Putting ourselves over others is part of the human condition, she said.
“Especially in this pandemic, you really see how strong we as humans are led by our egos to think that our comfort, our safety, our personal well being trumps that of those around us.”
It’s not so cut and dried for some who live in COVID-19 hotspots. Amelia Visconti worked in restaurants last summer, and plans to again when they’re allowed to reopen, and her Toronto neighbourhood is vaccinating those 18 and above.
“There are so many people right now, especially people who are working the front line and they're out every single day, that need it ahead of me,” she told CTVNews.ca in an interview. “On the other side of the spectrum, I'm terrified of this virus.”
She wants to be able to go back to serving this summer without having to worry about bringing the virus home to her dad.
“On a selfish point, I stop and think, if I get this vaccine, I also can go back to work and feel safe,” Visconti said.
But she’s still worried that if she goes to a pop-up vaccine clinic in her neighbourhood, she’ll be taking someone else's spot.
“When and how can I do this in a way that will be the least impactful on the rest of my community because … I can't see numbers in front of me, and I can't make a moral decision clearly that way,” she said.
It’s a complicated situation not made easier by any clear guidance on who the vaccine rollout is meant to target.
“It's a matter of personal conscience,” University of Toronto bioethicist Kerry Bowman told CTVNews.ca in a phone interview.
He said that the rollout is meant to target those who are most vulnerable, but that’s not always the case when COVID-19 hotspots feature both $2-million homes and shelters for those who are homeless.
The other side of the argument is that the faster vaccines go into arms, the faster COVID-19 restrictions can be lifted, but vaccine supply may not yet be ready for that.
“There's something to be said for just utilization, for saying the faster we vaccinate, the sooner we get through it.
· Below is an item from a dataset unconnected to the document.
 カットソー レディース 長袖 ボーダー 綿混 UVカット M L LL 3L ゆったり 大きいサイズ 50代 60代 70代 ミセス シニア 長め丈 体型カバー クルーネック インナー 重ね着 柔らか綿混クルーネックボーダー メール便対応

So, if there's an appointment, then to take it and go. I think it's a little early for that,” said Colin Furness, infection control epidemiologist at the University of Toronto.
Furness said that the people should allow room for those who are most vulnerable to get vaccinated first, but waiting if no one is getting vaccinated anyway isn’t going to solve any problems.
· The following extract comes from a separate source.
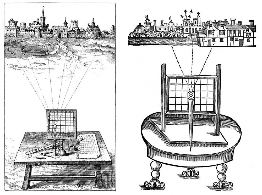 “方法如下:由细线稀疏织成的纱帘......再用粗线随意分割成许多相同的方块,并绷在框架上。我将这块纱帘置于眼睛与待表现物体之间,这样视觉锥就能穿过稀疏的纱帘。……纱帘的这种网格有很多优点,首先,因为它总是呈现相同的表面不变,因为一旦你确定了轮廓的位置,你可以立即找到你视觉锥开始的顶点,如果没有交叉点,这是极其困难的。”

“If people decide to hold back on the vaccine because others need it more urgently, it needs to be paired with some kind of program to actively reach those who need it,” he said.
For Furness, if people who are eligible hold off on the vaccination to leave room for more vulnerable people, but governments are taking no action to get vaccines to those who need it, the whole system collapses.
“Provincial policy and vaccination campaign strategy is actually of pivotal importance here. Focusing on what steps various [local health authorities] might take to reach those marginalized folks would be really important,” said Furness.
With herd immunity being the goal of vaccination plans, waiting longer than necessary for the vaccine may seem counter-intuitive.
“It's not as if you're stepping out of the herd immunity equation, you’re waiting for another place later in the herd immunity equation so you're not stepping out of that,” said Bowman.
Making an ethical decision over getting the vaccine now or waiting for more vulnerable populations to get it first is more complicated than simply following the rules.
“Many people think ethics is about following rules,” he said. “Ethics and law are two different things.”
What complicates things further for Bowman, is that administrative hospital staff qualified for vaccines in phase one and for the most part, took them.
“They had people that had literally, literally not set foot in the hospital for eight months. And these were administrative people that were taking vaccines like they set a terrible example,” said Bowman.
“Mostly they were unapologetic and I actually think it was very damaging because they sent a very strong message that, just go for it,” he said.